Tak hanya sebagai basecamp, rumah yang kini bercat hijau itu menjadi saksi lahirnya diskusi-diskusi serius setengah bercanda.
“Ya dulu ngumpulnya di sini, ngobrolin apa aja. Kadang obrolannya bermutu tapi seringnya ya tidak alias bercanda-bercanda,” ungkap Rizal diikuti tawa.
Di tengah lamunannya, satu ruangan yang cukup luas berada di lantai dua dimanfaatkan Rizal untuk diisi buku-buku yang sempat terbuka di lapak baca.
“Buku-bukunya sebagian punya saya, sebagian lagi punya teman-teman yang dititipkan dan didonasikan,” bebernya.
Rak panjang dari kayu sengaja dibuat sendiri kemudian dikaitkan ke dinding untu menopang beratnya buku. Lalu disusun rapi disesuaikan dengan genre.
Buku sejarah, hukum, novel, seni, botani, musik, ekonomi, hingga anak-anak yang tersusun mempercantik ruangan menjadi perpustakaan mini bernama “Oemah Aksoro”.
“Bikin perpustakaan di sini karena ngumpulnya teman-teman dulu ya di sini. Saya kasih ruang karena kebetulan saya juga tinggal sendiri dari pada nggak ada yang diajak ngobrol,” terangnya.
Untuk menarik anak-anak di lingkungan rumahnya gemar membaca dan mampir ke perpustakaannya, Rizal bersama anggota komunitas dulu sering membuat kelas kreatif.
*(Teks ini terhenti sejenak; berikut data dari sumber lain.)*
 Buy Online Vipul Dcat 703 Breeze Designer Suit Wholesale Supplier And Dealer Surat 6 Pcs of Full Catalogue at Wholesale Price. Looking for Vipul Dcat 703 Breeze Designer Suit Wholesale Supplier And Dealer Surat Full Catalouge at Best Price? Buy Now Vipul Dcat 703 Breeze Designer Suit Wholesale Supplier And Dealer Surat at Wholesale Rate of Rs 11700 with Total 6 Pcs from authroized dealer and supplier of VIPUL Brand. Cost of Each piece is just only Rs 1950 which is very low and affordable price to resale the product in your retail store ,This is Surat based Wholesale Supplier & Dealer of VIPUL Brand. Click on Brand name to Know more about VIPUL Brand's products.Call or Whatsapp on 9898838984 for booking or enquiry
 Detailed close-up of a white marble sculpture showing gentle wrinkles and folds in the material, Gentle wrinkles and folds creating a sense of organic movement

“Kelasnya macam-macam, ada bikin origami, menggambar, sama main-main tradisional, pengajarnya dari teman-teman sendiri. Antusias banget dulu,” ujar pria yang kini berprofesi sebagai pengacara tersebut.
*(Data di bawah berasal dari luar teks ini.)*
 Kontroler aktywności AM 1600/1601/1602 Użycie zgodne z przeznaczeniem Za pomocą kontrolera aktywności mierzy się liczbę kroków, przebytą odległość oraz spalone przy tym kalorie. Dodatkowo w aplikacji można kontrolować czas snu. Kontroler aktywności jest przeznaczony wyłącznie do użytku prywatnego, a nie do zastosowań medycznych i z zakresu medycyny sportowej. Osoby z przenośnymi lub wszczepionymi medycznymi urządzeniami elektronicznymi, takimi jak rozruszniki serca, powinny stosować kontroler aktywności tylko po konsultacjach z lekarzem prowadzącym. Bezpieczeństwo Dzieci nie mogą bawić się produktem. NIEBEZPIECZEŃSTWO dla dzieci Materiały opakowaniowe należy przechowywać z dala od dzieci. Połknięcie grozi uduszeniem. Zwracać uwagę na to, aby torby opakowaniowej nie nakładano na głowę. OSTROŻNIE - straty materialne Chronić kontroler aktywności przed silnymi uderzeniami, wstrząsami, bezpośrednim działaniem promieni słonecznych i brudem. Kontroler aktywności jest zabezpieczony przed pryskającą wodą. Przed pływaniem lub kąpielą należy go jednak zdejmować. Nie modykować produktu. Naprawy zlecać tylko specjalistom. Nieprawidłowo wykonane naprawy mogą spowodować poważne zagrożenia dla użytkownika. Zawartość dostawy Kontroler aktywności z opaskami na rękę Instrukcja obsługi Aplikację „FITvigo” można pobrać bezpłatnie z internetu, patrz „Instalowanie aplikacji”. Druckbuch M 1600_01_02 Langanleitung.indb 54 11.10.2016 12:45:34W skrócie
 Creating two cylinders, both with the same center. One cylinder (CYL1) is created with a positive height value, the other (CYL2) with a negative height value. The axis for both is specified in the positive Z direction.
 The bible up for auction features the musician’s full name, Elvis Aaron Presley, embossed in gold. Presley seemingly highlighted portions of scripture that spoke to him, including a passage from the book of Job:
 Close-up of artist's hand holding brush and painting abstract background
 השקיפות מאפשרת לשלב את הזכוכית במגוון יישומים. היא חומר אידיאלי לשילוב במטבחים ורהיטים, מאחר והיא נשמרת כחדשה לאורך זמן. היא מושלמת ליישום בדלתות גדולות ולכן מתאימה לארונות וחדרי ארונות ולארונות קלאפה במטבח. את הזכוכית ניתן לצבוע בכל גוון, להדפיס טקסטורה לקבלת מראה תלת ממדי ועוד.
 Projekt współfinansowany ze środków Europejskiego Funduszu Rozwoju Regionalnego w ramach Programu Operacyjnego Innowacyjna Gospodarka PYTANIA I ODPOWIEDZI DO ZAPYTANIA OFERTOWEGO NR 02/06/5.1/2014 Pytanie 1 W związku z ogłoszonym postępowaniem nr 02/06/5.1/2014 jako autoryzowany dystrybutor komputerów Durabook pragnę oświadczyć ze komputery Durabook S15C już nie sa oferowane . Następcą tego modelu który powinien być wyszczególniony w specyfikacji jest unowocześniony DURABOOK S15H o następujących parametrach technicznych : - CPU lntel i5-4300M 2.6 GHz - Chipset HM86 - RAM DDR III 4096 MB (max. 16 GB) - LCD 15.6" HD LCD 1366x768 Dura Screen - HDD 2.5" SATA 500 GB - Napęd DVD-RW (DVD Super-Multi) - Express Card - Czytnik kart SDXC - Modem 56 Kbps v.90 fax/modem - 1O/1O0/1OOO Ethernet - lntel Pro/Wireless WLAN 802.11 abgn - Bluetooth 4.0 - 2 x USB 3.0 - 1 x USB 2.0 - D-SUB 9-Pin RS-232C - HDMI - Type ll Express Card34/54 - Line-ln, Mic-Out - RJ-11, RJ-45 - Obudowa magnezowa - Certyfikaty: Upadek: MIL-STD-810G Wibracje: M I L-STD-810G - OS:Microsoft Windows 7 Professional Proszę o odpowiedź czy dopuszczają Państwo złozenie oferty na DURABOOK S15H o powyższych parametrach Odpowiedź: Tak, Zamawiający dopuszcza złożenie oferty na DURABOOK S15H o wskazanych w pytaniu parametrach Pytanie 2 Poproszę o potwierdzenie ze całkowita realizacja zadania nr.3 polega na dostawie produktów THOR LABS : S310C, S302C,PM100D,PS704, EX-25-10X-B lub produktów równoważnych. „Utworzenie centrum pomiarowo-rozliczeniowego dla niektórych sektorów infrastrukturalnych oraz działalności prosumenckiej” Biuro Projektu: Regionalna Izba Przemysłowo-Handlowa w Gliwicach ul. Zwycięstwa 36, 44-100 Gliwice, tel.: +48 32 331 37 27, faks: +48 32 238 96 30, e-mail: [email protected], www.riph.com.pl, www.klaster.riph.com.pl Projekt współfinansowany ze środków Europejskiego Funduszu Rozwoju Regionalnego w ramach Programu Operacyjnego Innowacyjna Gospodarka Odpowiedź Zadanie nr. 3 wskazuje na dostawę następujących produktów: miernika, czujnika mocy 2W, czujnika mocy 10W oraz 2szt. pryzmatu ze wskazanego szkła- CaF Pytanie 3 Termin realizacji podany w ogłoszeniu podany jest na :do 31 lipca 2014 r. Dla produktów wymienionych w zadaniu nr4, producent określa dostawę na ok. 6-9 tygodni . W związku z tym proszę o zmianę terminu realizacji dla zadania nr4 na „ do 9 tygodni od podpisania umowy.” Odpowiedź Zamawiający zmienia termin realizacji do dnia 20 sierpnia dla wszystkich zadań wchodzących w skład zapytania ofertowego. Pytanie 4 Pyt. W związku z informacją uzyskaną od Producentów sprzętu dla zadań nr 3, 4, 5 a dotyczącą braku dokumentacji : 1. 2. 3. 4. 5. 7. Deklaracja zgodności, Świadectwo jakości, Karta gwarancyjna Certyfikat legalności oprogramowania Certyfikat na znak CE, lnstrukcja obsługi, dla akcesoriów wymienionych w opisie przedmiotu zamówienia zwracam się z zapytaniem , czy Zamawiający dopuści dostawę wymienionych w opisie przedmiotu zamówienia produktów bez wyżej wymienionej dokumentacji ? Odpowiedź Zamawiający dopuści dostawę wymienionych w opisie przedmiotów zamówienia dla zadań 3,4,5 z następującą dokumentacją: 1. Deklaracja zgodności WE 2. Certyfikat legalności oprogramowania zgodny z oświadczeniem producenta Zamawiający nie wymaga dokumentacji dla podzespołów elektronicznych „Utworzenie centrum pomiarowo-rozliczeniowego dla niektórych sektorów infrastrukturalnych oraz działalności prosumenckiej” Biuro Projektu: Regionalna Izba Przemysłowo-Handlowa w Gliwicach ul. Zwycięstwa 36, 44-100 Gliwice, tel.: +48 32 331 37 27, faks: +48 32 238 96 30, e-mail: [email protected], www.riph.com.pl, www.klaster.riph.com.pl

Meski anak-anak lebih tertarik dengan kelas kreatif ketimbang membaca buku, Rizal merasa senang setidaknya mereka tahu keberadaan perpustakaan desa yang dibangun dengan tumpukan-tumpukan mimpi itu.
“Yang penting dulu kelas kreatifnya itu bukan materi sekolah. Pokoknya daya kreatif anak-anak itu harus berkembang,” katanya.
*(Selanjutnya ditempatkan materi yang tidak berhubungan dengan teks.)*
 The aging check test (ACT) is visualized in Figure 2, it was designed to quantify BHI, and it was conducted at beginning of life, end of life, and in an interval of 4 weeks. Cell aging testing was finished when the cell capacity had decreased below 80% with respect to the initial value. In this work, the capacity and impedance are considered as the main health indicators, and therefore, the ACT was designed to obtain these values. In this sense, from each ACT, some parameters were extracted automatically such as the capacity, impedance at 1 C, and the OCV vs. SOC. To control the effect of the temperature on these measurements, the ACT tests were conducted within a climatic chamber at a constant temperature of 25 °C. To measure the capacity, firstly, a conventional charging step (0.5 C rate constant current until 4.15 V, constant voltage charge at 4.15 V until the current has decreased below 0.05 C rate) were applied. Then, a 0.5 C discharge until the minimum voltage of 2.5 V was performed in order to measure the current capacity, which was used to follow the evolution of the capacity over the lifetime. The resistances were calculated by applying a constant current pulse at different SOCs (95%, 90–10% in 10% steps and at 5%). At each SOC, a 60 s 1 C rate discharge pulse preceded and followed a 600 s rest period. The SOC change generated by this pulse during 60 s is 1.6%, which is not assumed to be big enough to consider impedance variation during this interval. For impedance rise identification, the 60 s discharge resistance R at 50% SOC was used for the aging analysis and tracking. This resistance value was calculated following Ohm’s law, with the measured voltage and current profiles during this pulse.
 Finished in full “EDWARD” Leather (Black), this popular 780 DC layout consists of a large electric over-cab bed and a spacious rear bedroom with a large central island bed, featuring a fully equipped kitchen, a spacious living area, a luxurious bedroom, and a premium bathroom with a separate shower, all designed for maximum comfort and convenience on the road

Sayangnya, kelas itu hanya bertahan enam bulan. Karena pandemi Covid-19 dan terbentur kesibukan mencari uang, anggota komunitas literasi jarang mengundang anak-anak belajar lagi.
Perpustakaan pun semakin sepi dan kini telah dipindahkan Rizal ke lantai satu depan teras rumah agar pengunjung mudah mengakses.
Papan bertuliskan “Oemah Aksoro” berbahan ukiran kayu yang dipajang Rizal di depan rumahnya pun tak menarik lagi bagi anak-anak di lingkungan rumahnya.
Buku-bukunya nyaris tak tersentuh selama berbulan-bulan. Sarang laba-laba menempel di atas dan bawah rak buku anak-anak.
Rizal bilang, buku-buku itu boleh dipinjam oleh siapa saja yang ingin membaca dan membutuhkannya.
Maksimal satu minggu, boleh lebih asal konfirmasi dan donasi sebesar Rp 5.000 untuk biaya perawatan.
“Yang mau nitip buku atau donasi buku di sini juga boleh. Daripada nganggur di rumah bisa taruh di sini barangkali ada yang butuh,” tuturnya.
Rizal mengatakan, perpustakaan mini ini meski sepi namun dia ingin tetap mempertahankannya karena sudah menjadi mimpinya hingga hari tua nanti.
“Punya perpustakaan itu impian saya dari dulu. Saya ingin pas tua nanti tetap sama buku. Saya juga nggak cari uang dari perpustakaan ini kok,” pungkasnya.